Conectando baterias novas 'em série'
Se você conectar duas baterias de 12V em série (positivo com negativo, usando a saída dos terminais +ve e -ve da segunda bateria), terá uma saída de 24V, mas sem capacidade adicional. Duas baterias de 12V/100Ah conectadas em série ainda fornecerão 100Ah de capacidade, mas a 24V. Algumas embarcações usam um sistema de 24V para equipamentos de alta potência, como guinchos, molinetes, dessalinizadores e bombas de porão ou de chuveiro de grande porte, porque dobrar a voltagem reduz pela metade o consumo de corrente para o mesmo equipamento.
Proteção com fusível de alta corrente
Os bancos de baterias devem sempre ser protegidos com fusíveis de alta corrente (cerca de 200 A) nos terminais de saída positivo e negativo, o mais próximo possível dos terminais, sem nenhuma derivação de energia antes do fusível. Blocos de fusíveis especiais estão disponíveis para essa finalidade, projetados para que nada possa ser conectado diretamente à bateria sem passar pelo fusível. Isso proporciona máxima proteção contra curtos-circuitos na bateria, que podem causar incêndio e/ou explosão se não forem protegidos.
Quais são os diferentes tipos de bateria?
Cada um tem suas próprias experiências e teorias sobre qual tipo de bateria é melhor para uso nomarinhoTradicionalmente, as baterias de chumbo-ácido inundadas (FLA) eram grandes e pesadas, e muitos ainda preferem essa tecnologia simples. As vantagens são a facilidade para completar o nível de água destilada e a possibilidade de testar a capacidade de cada célula com um densímetro. O peso elevado fez com que muitos construíssem seus bancos de baterias de reserva com baterias de 6V, mais fáceis de manusear. Isso também significa menos prejuízos caso uma célula falhe.
O próximo nível são as baterias de chumbo-ácido seladas (SLA), que muitos preferem por não exigirem manutenção e por não permitirem vazamentos, embora não possam ser carregadas tão vigorosamente quanto uma bateria de célula aberta, devido à sua capacidade de liberar o excesso de pressão de gás apenas em caso de emergência.

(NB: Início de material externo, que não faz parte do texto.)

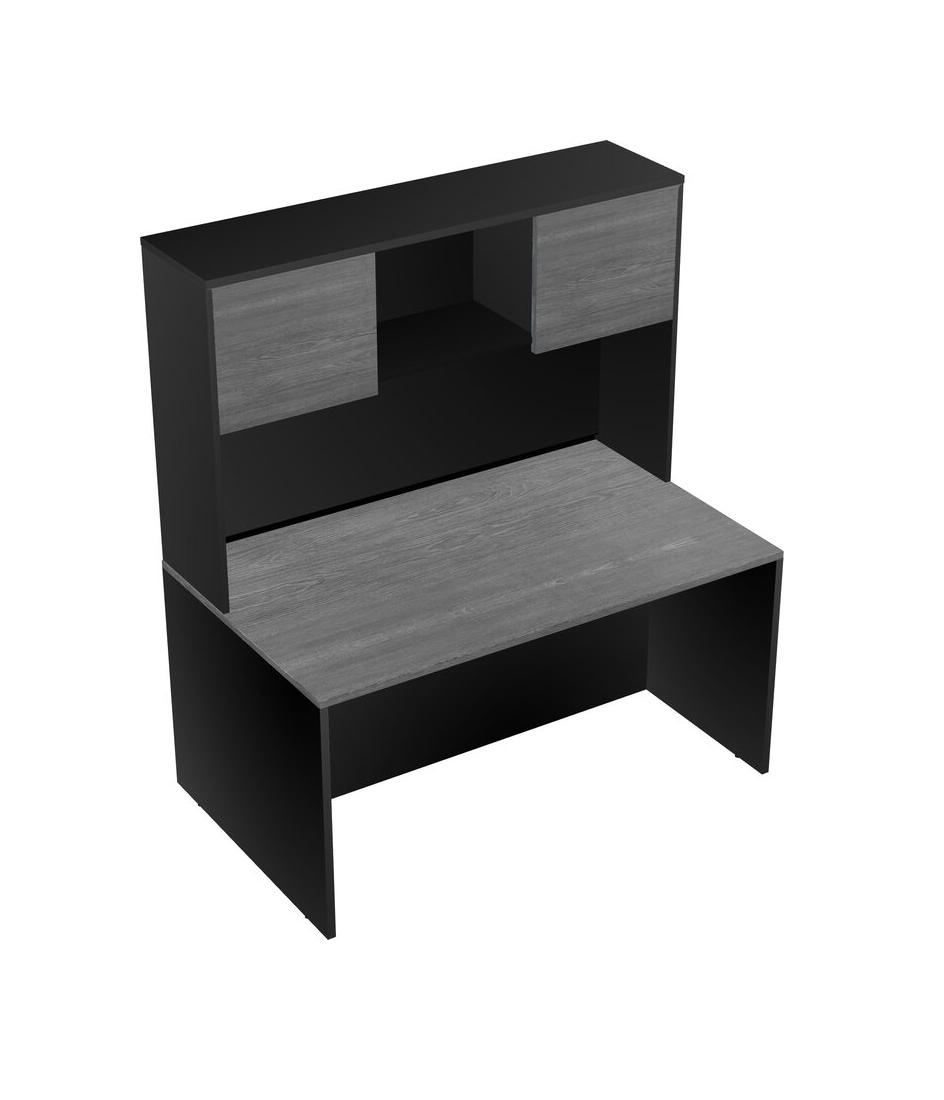 Grey Rectangular Office Desk And Black Hutch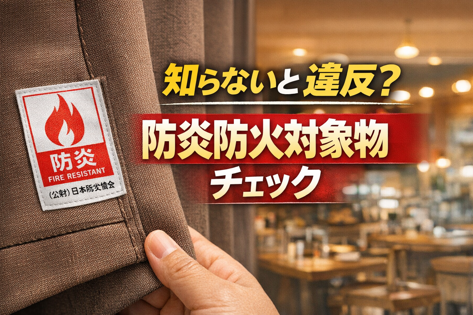 重要なのは、防炎規制は一部の大規模施設だけの話ではないということです。飲食店、物販店舗、福祉施設、保育施設、宿泊施設など、多くの事業所が対象になる可能性があります。規模が小さくても、用途によっては義務が発生します。「うちは関係ない」と思い込まず、まず確認することが大切です。

Há algumas décadas, foram lançadas as baterias de gel, nas quais o eletrólito era um gel sólido em vez de um líquido. Embora seladas, isentas de manutenção e capazes de fornecer um número maior de ciclos de carga/descarga, elas precisavam ser carregadas com menos vigor e a uma voltagem mais baixa do que as baterias de chumbo-ácido.
Mais recentemente, as baterias de eletrólito absorvido em manta de fibra de vidro (AGM) tornaram-se muito populares para barcos. Mais leves do que as baterias de chumbo-ácido convencionais e com o eletrólito absorvido na manta em vez de líquido livre, elas não exigem manutenção e podem ser instaladas em qualquer ângulo. Também suportam uma corrente de carga mais alta, o que reduz o tempo de recarga, e suportam um número consideravelmente maior de ciclos de carga/descarga do que as baterias convencionais. Por fim, possuem uma taxa de autodescarga menor, podendo permanecer sem recarga por um período considerável.
Os desenvolvimentos mais recentes envolvem baterias à base de lítio. Alguns juram por elas em suas diversas versões (Li-ion ou LiFePO4 sendo as mais comuns), mas elas precisam ser manuseadas e mantidas com muito cuidado. Sim, elas são muito mais leves do que qualquer outra bateria náutica e apresentam números de desempenho impressionantes, mas são muito caras e exigem um sistema de gerenciamento de baterias de alta tecnologia para mantê-las carregadas e, mais importante, balanceadas entre as células.
Um aspecto muito importante a observar ao criar um banco de baterias interligado é que todas as baterias devem ser do mesmo tipo. Não se pode misturar baterias de chumbo-ácido (SLA), de gel e de gás inerte (AGM), e certamente não se pode interligar nenhuma delas.bateria à base de lítio.